GELLERMAN: Well, when does it get to, you know, a dangerous point where we’re tapping too much of our reserve?

SCHENKER: Well, I think at this point opening it up is not that big a situation. I think one of the orders went in for 500,000 barrels. Even if we saw a number of millions of barrels come out there, I don’t really think that’s going to be a problem. Again, we’ve been continuously building this SPR for a number of years. We’ve expanded the capacity, and because of that we are now available to use it. This is one of those in case of emergency situations, and there’s probably no better time like the present than to tap those reserves.

GELLERMAN: With the loss of so much crude oil production due to the hurricane, what is the effect of this going to be on the economy?

SCHENKER: Well, there’s a few different things that’s going to happen. One of the things, of course – and again, a lot of this is going to deal with refinery product – is that it’s going to hit consumers. People often say that increases in energy prices disproportionately…well, they function as an energy tax. And I argue that they disproportionately affect the lower income individuals in a given economy, simply because energy expenditures as a percentage of their disposable income is far greater.

And what you can see is – and again, we’ve seen some of this recently – is energy prices have been on a significant bull run for a number of years. We could see, as we’ve seen in the past few months, different large discount chains sort of feeling some of the crunch. We could see some consumer spending come back. This could result in lower than previously forecasted GDP estimates for the third and fourth quarter by a few tenths or so.

GELLERMAN: This hurricane has really destroyed a lot of the petroleum infrastructure in the south.

SCHENKER: Well, although we do find that most of actually the key infrastructure – the Henry Hub is intact, the LOOP is intact, and the pipelines seem to be unaffected – we have had quite a few rigs that seem to be destroyed. Recent reports do show that there are perhaps more than 20 rigs that have been destroyed.

GELLERMAN: What’s the Henry Hub?

SCHENKER: The Henry Hub is where we have the natural gas exchanged nationally and that had actually been closed ahead of the storm and during the storm. And there was some concern that that could be damaged. But, as it turns out, the Hub is fine and reopened.

GELLERMAN: Boy, if this Hub had gone down, in the Northeast here where we use a lot of natural gas, we’d be in trouble.

SCHENKER: Yes, the Hub is critical, as is the LOOP. The Louisiana Offshore Oil Port was also not damaged, or not significantly damaged, which is very important. Offloads of about one million barrels per oil per day occur at the LOOP. And furthermore, this is the only port in the country where ultra-large crude carriers, also known as ULCCs, that carry three million barrels of crude, can unload. It’s the only place they can do it, and if either one of those, the Henry Hub or the LOOP, had been significantly damaged, we would have a much greater energy crisis on our hands.

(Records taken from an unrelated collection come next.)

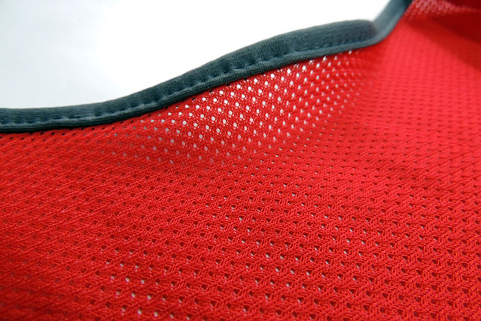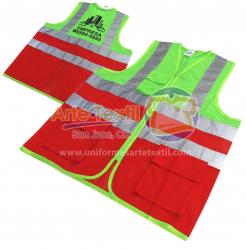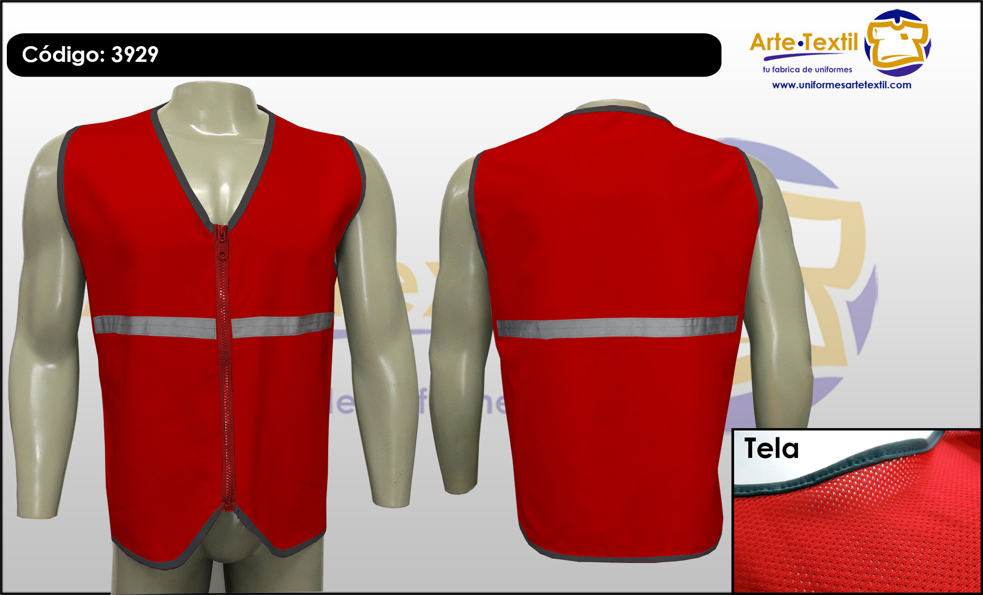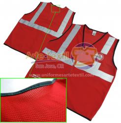 Producto código: 3929 Chaleco de trabajo, de tela: Dry Fit Malla con ribete 100% poliester color rojo - gris oscuro, con cierre frontal: zipper diente perro |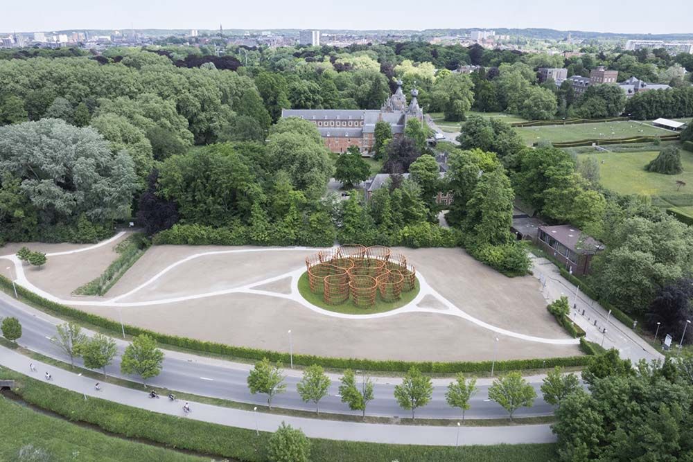 Het startpunt van de kunstroute is het kasteel van Arenberg in het zuiden van de stad. Dit kasteel uit de 16de eeuw is sinds de jaren ’20 van de vorige eeuw een mooie campus in klassiek Amerikaanse stijl. Als je vanuit het centrum van Leuven de bus neemt naar het kasteel kun je via de kunstroute in zo’n 5,5 kilometer terugwandelen naar de stad. Op een voormalige parkeerterrein naast de campus treffen we het eerste kunstwerk aan.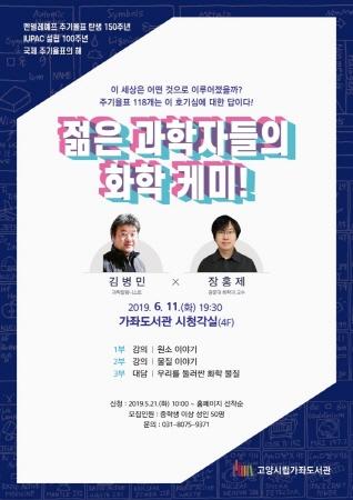 올해는 멘델레예프 주기율표 탄생 150주년, IUPAC 설립 100주년, 국제 주기율표의 해로, 가좌도서관에서 이를 기념하는 ‘젊은 과학자들의 화학 케미’가 진행된다. 이번 강연은 화학을 전공한 두 명의 젊은 과학자의 의미 있는 강연과 대담으로, 김병민 과학칼럼니스트와 장홍제 광운대 화학과 교수가 함께 한다.

GELLERMAN: I didn’t realize we were so vulnerable.

SCHENKER: Well, our energy infrastructure is placed in a region that is vulnerable to the weather. This is, of course, an extremely extraordinary storm – this is largest, most catastrophic storm ever to hit the United States by some accounts – and as such, such a rare event is difficult to price into the markets.

GELLERMAN: Well, Mr. Schenker I want to thank you very much.

SCHENKER: It’s a pleasure to have been here with you today.

GELLERMAN: Jason Schenker is an economist and energy analyst for Wachovia Corporation. He’s based in Charlotte, North Carolina.